What is needed: Below are some records. Return exactly the lines from the one with "签约仪式由会计金融学院院长鞠" to the one with "Imprimatur firmata da", and nothing else.
***** Dataset extract *****
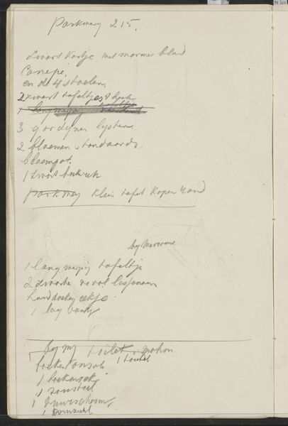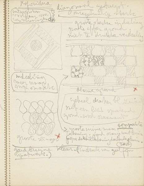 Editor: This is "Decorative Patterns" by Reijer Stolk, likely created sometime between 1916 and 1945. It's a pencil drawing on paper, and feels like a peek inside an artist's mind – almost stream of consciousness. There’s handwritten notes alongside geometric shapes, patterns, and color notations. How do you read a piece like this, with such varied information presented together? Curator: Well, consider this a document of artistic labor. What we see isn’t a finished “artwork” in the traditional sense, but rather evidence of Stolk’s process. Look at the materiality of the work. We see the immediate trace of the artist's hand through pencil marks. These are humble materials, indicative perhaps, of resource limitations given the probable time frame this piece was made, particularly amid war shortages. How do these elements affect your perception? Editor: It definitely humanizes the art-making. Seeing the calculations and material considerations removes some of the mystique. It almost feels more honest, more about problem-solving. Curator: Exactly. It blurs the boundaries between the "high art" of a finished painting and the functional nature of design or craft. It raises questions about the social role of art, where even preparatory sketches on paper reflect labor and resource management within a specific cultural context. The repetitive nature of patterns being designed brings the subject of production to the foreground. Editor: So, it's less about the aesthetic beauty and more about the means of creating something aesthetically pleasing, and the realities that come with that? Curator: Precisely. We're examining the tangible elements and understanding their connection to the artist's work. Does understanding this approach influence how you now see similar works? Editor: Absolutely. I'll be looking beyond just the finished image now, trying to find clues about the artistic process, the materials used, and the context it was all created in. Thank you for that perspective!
*****
***** Dataset extract *****
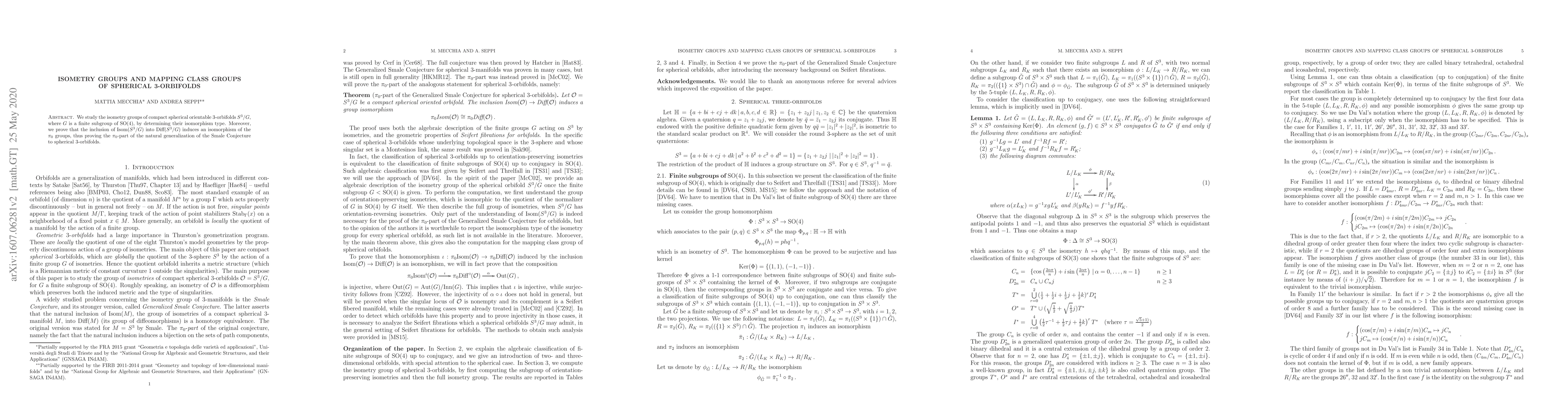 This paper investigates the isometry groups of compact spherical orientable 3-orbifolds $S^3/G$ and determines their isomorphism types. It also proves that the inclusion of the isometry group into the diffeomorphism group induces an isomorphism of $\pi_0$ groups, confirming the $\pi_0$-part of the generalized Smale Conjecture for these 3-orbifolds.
*****
***** Dataset extract *****
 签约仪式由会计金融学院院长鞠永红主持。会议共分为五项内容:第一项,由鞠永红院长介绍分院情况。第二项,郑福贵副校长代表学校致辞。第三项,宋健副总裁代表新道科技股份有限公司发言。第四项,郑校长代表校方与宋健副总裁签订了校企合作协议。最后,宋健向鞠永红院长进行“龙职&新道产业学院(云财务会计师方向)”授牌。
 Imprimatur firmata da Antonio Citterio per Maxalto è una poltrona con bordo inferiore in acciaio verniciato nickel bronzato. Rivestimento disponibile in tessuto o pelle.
*****
Result for this exercise:
 签约仪式由会计金融学院院长鞠永红主持。会议共分为五项内容:第一项,由鞠永红院长介绍分院情况。第二项,郑福贵副校长代表学校致辞。第三项,宋健副总裁代表新道科技股份有限公司发言。第四项,郑校长代表校方与宋健副总裁签订了校企合作协议。最后,宋健向鞠永红院长进行“龙职&新道产业学院(云财务会计师方向)”授牌。
 Imprimatur firmata da Antonio Citterio per Maxalto è una poltrona con bordo inferiore in acciaio verniciato nickel bronzato. Rivestimento disponibile in tessuto o pelle.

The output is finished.